Consequently, we suggested minimum SBM energy values for growing poultry and pigs (Pope et al., 2023; Table 4). Poultry ME values were derived from Brazilian Feed Composition tables (Rostagno et al., 2017), equalized for DM and oil content, and then regressed on SBM CP level to derive the best ME estimate for each SBM CP class. We derived SBM NE estimates for growing pigs using recent calorimetry (Lee et al., 2022) and growth validation assays (Boyd and Rush, 2018) as the starting point. These values proved to be remarkably similar. NE estimates were expanded over the full range of SBM CP (44.0 to 48.0%) by deviating NE in relation to SBM CP based on incremental NE changes computed from Brazilian and CVB references.

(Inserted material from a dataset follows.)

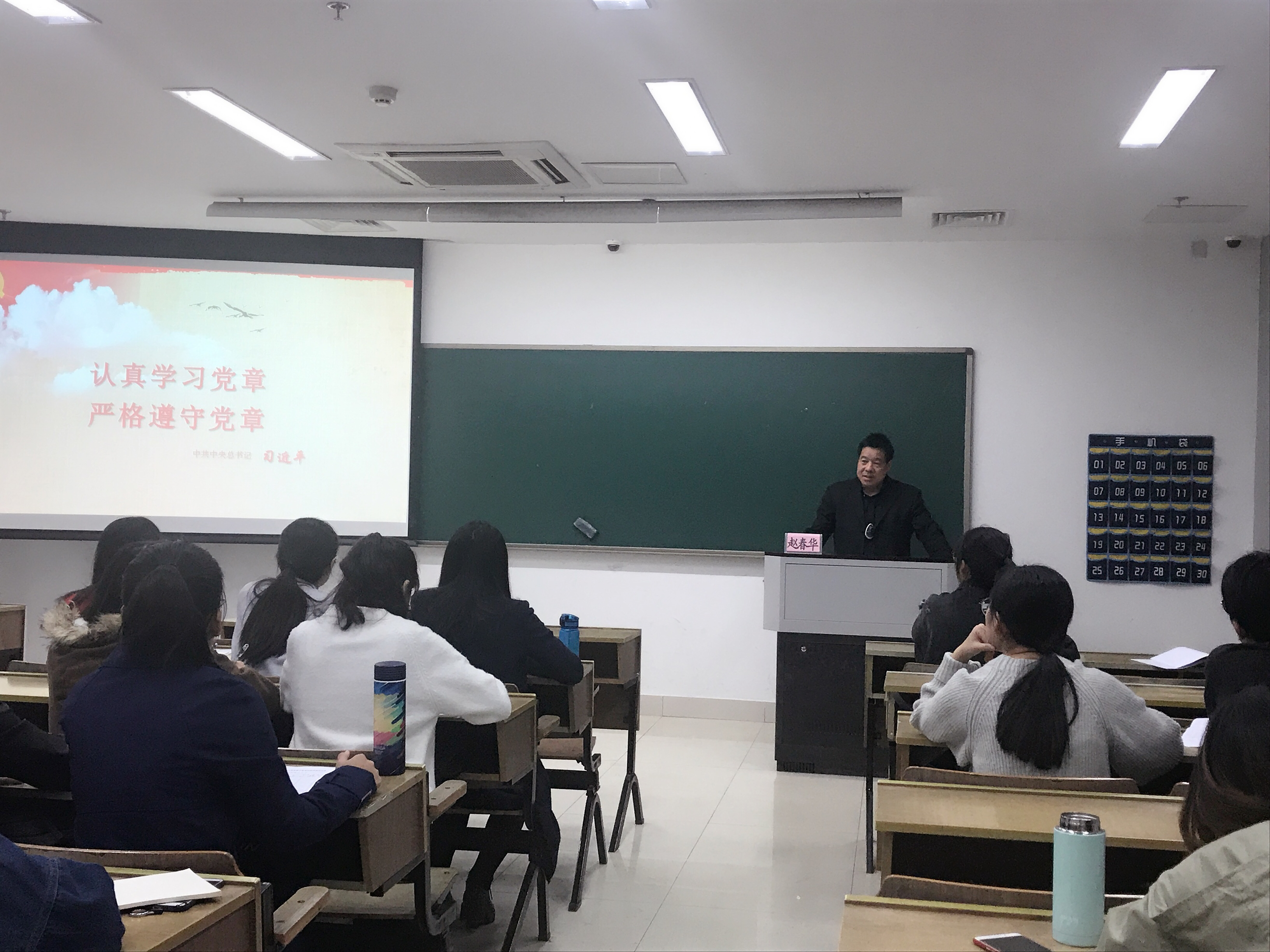赵老师详细阐述了“党章的概述 ”、“党章是党的光辉历史的见证史”、“十九大党章修改的重点和主要内容”、“实践党章,做一名合格党员”四方面内容,由浅入深、贴合实际,使全体学员对党的性质、理想目标、指导思想、基本要求、党员义务权利都有了更加深刻的理解。同时,赵老师结合“十九大”精神,提出学习和遵循党章应做到“五个结合”:要把学习党章同学习党的十九大精神紧密结合起来;要同习近平新时代中国特色社会主义思想紧密结合起来;要把学习党章的基本知识和领会精神实质结合起来;要把学习党章和学习其他党内法规相结合;要把学习贯彻党章和工作实际相结合。赵老师勉励全体学员要进一步坚定理想信念、加强道德修养,不断提高自身的政治思想觉悟。

We compared the resulting estimates of SBM NE in relation to SBM CP level (Table 4) to values derived from an ingredient energy prediction model that is used by a leading private nutrition firm (similar composition). We found them to be consistent with the values in Table 4. This firm was chosen because their model has been calibrated by pig growth assay (feed conversion efficiency, FCE). These energy values (Table 4) were regressed on respective SBM CP levels so that energy relationships could be leveraged over a continuum of CP levels between 44.0 and 48.0% (see Table 4 footnote).

SBM energy appears to increase with increasing CP

It is noteworthy that the two referenced sources (Rostagno et al., 2017; CVB, 2016) and the private nutrition firm model each show an increase in energy value as SBM CP increases (data not shown). The rate of increase in ME and NE in relation to SBM CP increase (from 44.0 to 48.0%) is illustrated in Figure 3. With 48.0% CP SBM defined as the reference point, we computed that 44.0% CP SBM (at equivalent DM and oil content) would contain about 4.0% less NE for pigs and 5.8% less ME for poultry. This index of relative energy content would be expected, if an increase in protein displaces complex carbohydrates which have less digestible energy. The accuracy of this positive association between SBM CP and energy needs to be verified using animal calorimetry.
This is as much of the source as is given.